I am going to be buying my first saltwater tank soon and was wondering if it was better to get a glass or acrylic tank. I know glass tanks are heavier but not as clear and the acrylic tanks can be scratched but have better clarity but which is better day to day?
Thanks,
BurlyBear


----------



## onefish2fish (Jul 22, 2008)

i dont think ill ever use an acrylic as my personal preference. i do however like the rounded edges on some acrylic tanks but over all just not a fan.
as you already know, acyrlic scratches easier but it can be buffed out which can be a pain. cleaning can be a pain as well because when you use a magnetic scraper you have to be extra careful that no sand, shells or grits are on the cleaner as you will leave nice stratches in the acrylic. glass is much harder to scratch but the down side is that once scratched theres nothing you can do about it. ive also read that one of them insulates heat more, but im not sure which.

what size tank are you planning?


----------



## easty83 (Dec 21, 2008)

the acrylic has the better insulating capabilities.


----------



## onefish2fish (Jul 22, 2008)

i thought that but wasnt sure so i didnt say, this isnt always "better" though as temps run hot in the summer esp with the lights on. 

again i really think it comes down to prefference on glass and acrylic.


----------



## easty83 (Dec 21, 2008)

dont worry i know what you mean, there is almost no need for a heater where i live in Australia, but a chiller becomes mandatory if you wanted to run a marine steup.


----------



## Tyyrlym (Jun 1, 2008)

Glass.

Something my Eclipse system has taught me is that acrylic scratches.

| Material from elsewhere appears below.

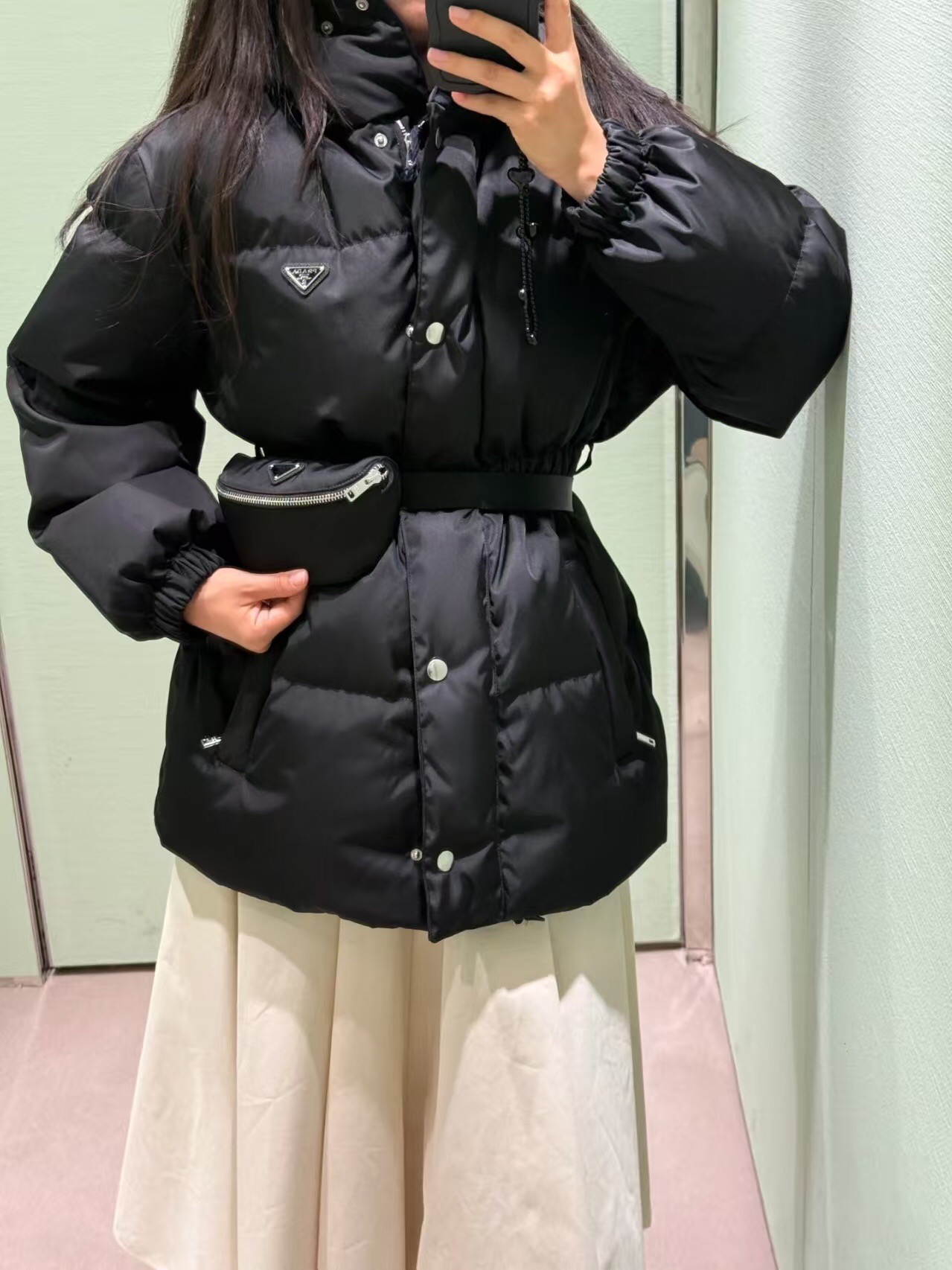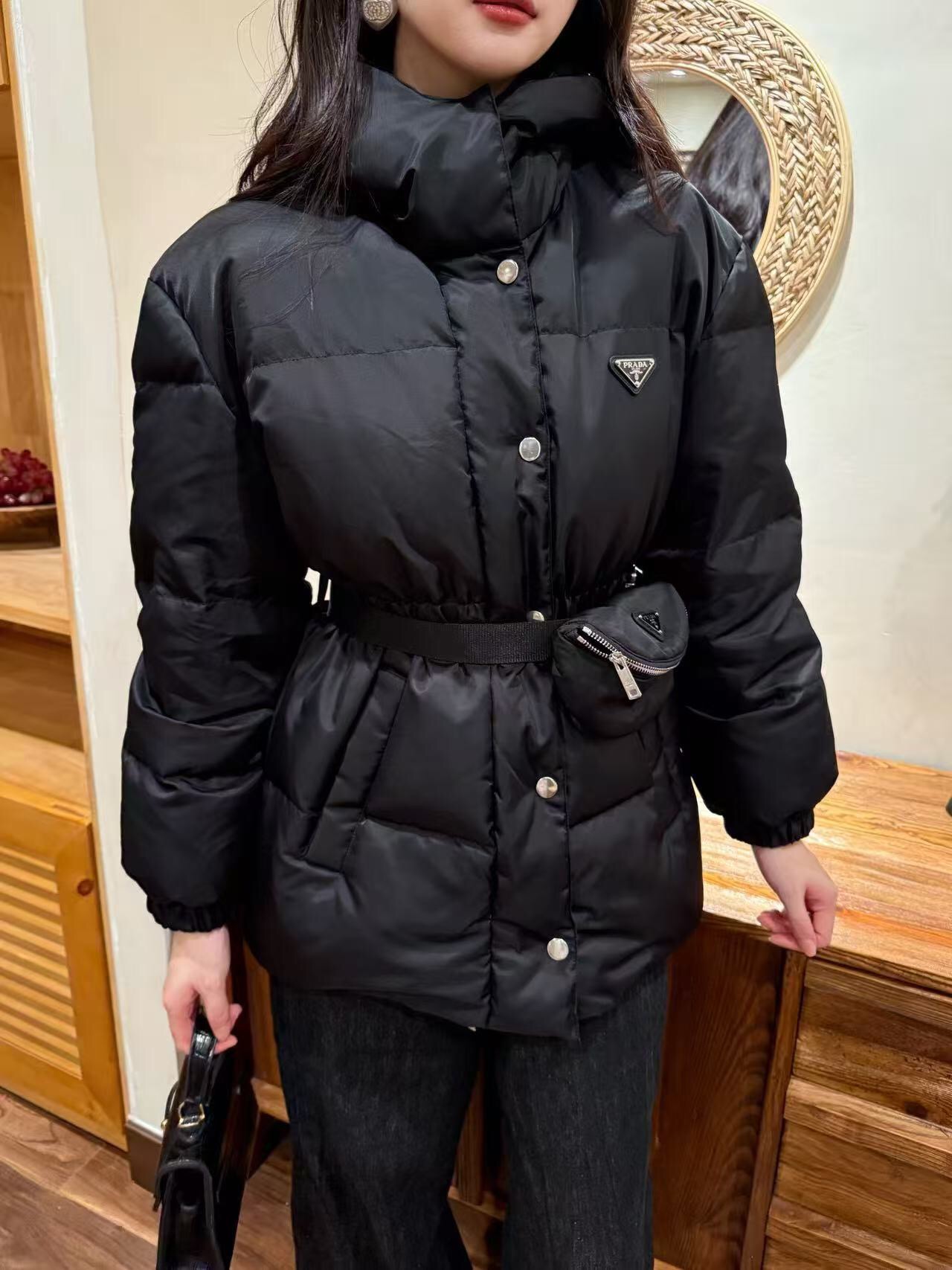 这款衣服是AAAAA 1:1 质量 (非常棒). 使用了和原版一模一样的材料. 商标部分也保持了和普拉达/Prada一样. 图片拍摄是实物衣服拍摄, 您所收到的实物保证和我们图片一模一样.

Not easily, that might indicate you can avoid it. You can't. They will invariably scratch in places that you'll have to look at every day and where buffing it out isn't an option unless you break the tank down.

As for glass being heavier... just how often are you planning on carrying the tank around?


----------



## burlybear (Mar 18, 2009)

So, from the general conscious it sounds like glass is the best option especially since I live in Florida and definitely don’t need the tank holding any extra heat during the summer.
Thanks for the help,
BurlyBear


----------



## BlueHalo (Mar 15, 2009)

You could always order a tank with starfire glass, costs a bit more but it is as clear as acrylic


----------